125 - A Comparison Between Buddhism and Sufism

Part II

NOSTALGIA VERSUS DESIRE

As he surveys the links in the causal chain (pattica samupadha) leading to the suffering attendant upon existential conditions, Buddha infers that suffering is due to craving (asava) - normally rendered as desire - that in turn begets ignorance; whereas liberation from attachment to "contact" with the world sparks realization and enlightenment.

Both Buddhism and Sufism see desire as the prime mover leading towards existence. Desire is considered pejorative in Buddhism, and liberation from the existential state is coveted.

The ascetic has given up worldly craving... Evola 1951 p 176.

The ascetic causes the awakening of mindfulness derived from detachment.ibid, p 177.

Sufism distinguishes between craving (which is personal) and nostalgia, whereby one is giving, albeit personal, expression to the cosmic emotion, and sparking the whole process of existence (according to the Sufis Ishq'Allah. )

On one hand:

The real proof of one's progress in the spiritual path can be realized by testing, in every situation in life, how indifferent one is.

Hazrat Inayat Khan

(Unpublished Esoteric Papers)

All that produces longing in the heart deprives it of its freedom.Hazrat Inayat Khan

If you do not rise above the things of this world, they will rise above you.

Hazrat Inayat Khan.

And then the absolute opposite:

He who arrives at the state of indifference without experiencing interest in life is incomplete and apt to be tempted by interest at any moment; but he who arrives at the state of indifference by going through interest really attains the blessed state...

Hazrat Inayat Khan

How can we reconcile these two objectives pulling us in opposite directions?

Indifference gives great power; but the whole manifestation is a phenomenon of interest. All this world that man has made, where has it come from? It has come from the power of interest.
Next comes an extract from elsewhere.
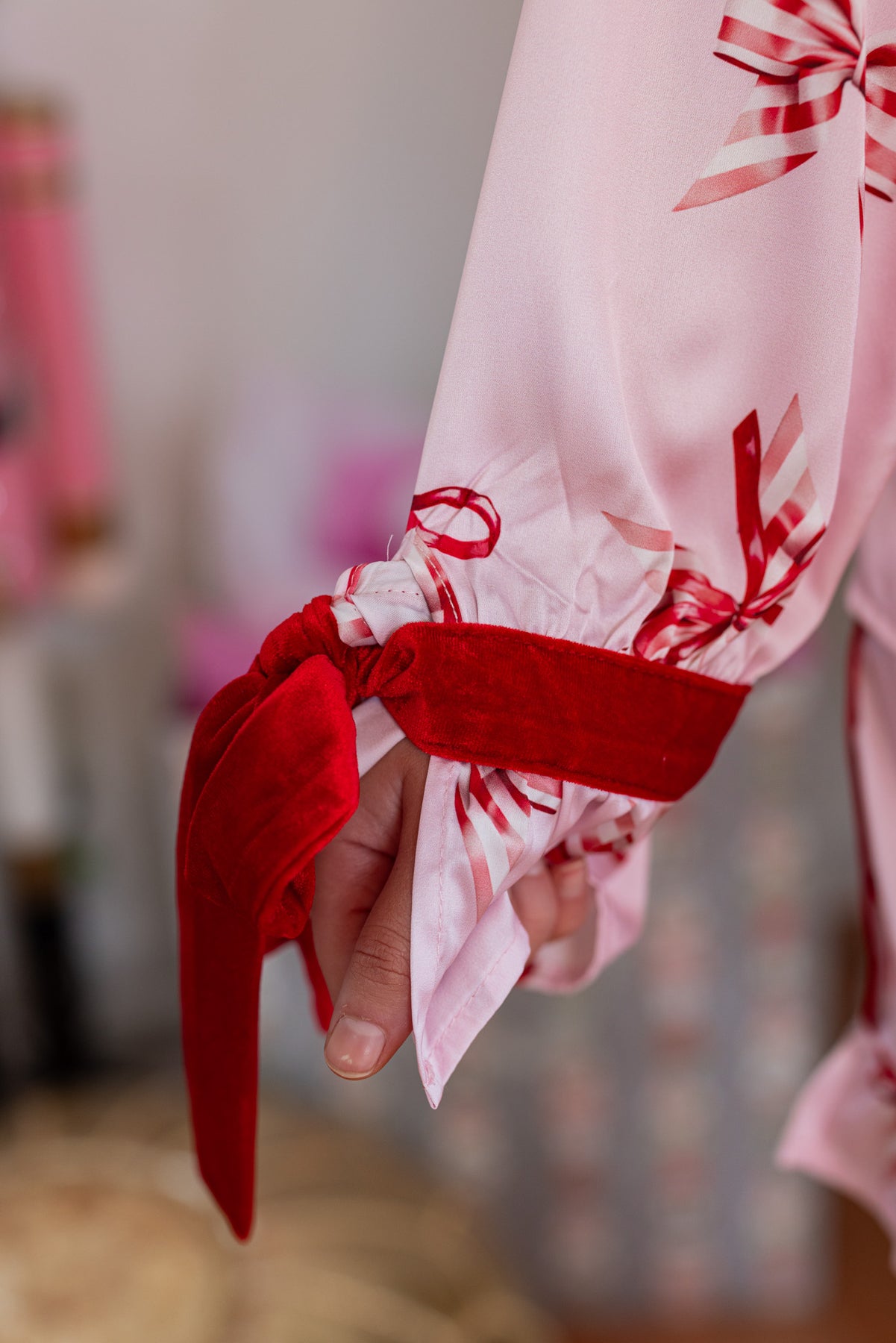 Light pink satin pajama top with red striped bow ties and red velvet bow cuffs

The whole creation and all that is in it are the products of the Creator's interest. But at the same time the power of indifference is a greater one still, because, although motive has a power, yet at the same time motive limits power. Yet it is motive that gives man the power to accomplish things.

Hazrat Inayat Khan

So long as a man has a longing to obtain any particular object, he cannot go further than that object. Hazrat Inayat Khan

The very foundation of Sufism, based upon the famous Hadith Qudsi earmarks "Ishq" (variously translated as desire, love, nostalgia) as the motivation behind the great achievements of our civilizations. Ideally, the existential state must have a purpose other than just offering a leg-up for awakening beyond it. What a loss of an opportunity to escape from it and thereby neglect all the enrichment that it offers!

The soul reaches a stage of realization where the whole of life becomes to him one sublime vision of the immanence of God. This is the real exaltation, when one has risen above one's limitation and has become conscious of the Perfection whom we call God. The fulfillment of this whole creation is to be found in man.
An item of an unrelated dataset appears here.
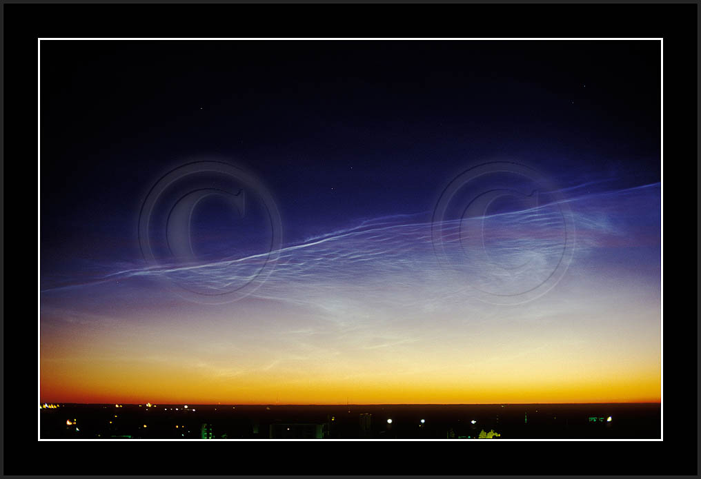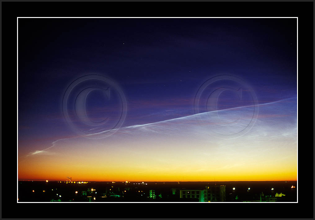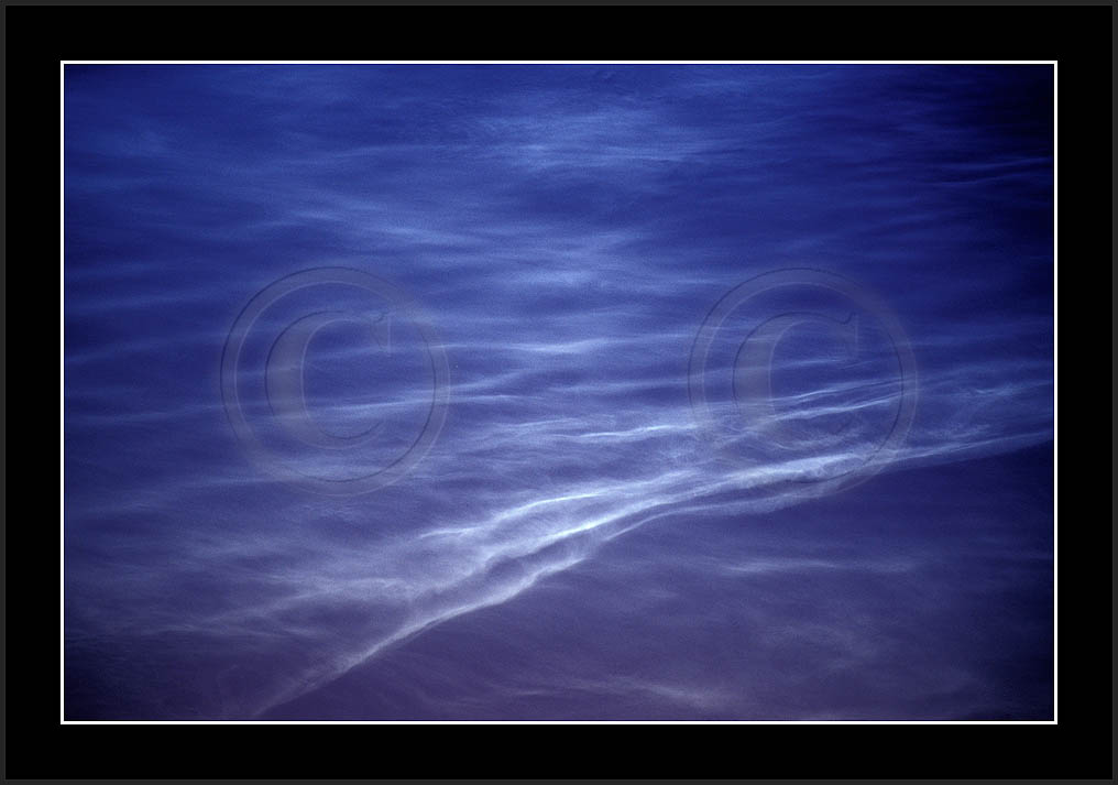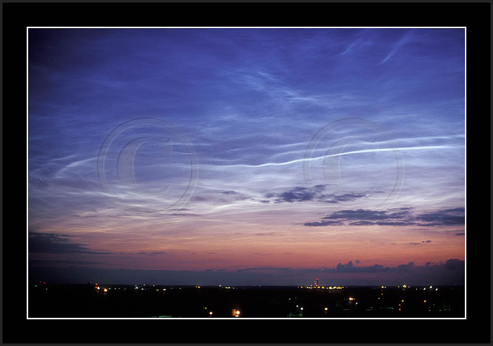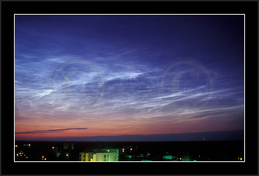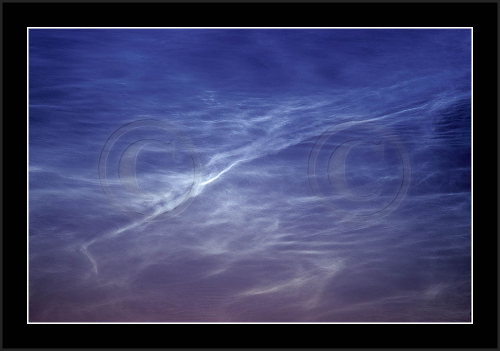 Starting this page July 25/26 shows extremely bright and compact bands. Later the display gave birth to complex structures. In NLC-morphology category IV clouds are named "whirls". One kind of a whirl can be identified in images vy28923 and vy28932. Whirls are defined as "partial or complete rings of cloud with dark centres", but it is also stated that "they are sometimes seen in veil, band and billow forms" - so much of the "dark centres"!

(The Supplementary Papers of Pir-o-Murshid Inayat Khan, The Sufi Order, USA, p 130)

It is in man that the divine perfection can be seen. Hazrat Inayat Khan

Manifestation is the self of God; but a self that is limited - a self that makes His perfection known when He compares Himself with the limited self we call nature. The purpose of the whole creation is fulfilled in the attainment of that perfection which is for a human being to attain.

Hazrat Inayat Khan.

For the Sufis, realization in life is attained by fulfilling the purpose of life, which is actuating the splendor behind the existential level in "building a beautiful world of beautiful people." In the course of accomplishment new horizons of meaningfulness reveal themselves.

The purpose of life is attained in the mastery achieved through accomplishment. ...

However, admittedly, once involved in the rat race, one tends to forget one's initial motivations and gets entangled in the vicious circle: greed - unkindness - ignorance.

A man who has gone through all experiences and has held his spirit high, not allowing it to be strained, to rise above everything that seeks to drag it down, that is spirituality.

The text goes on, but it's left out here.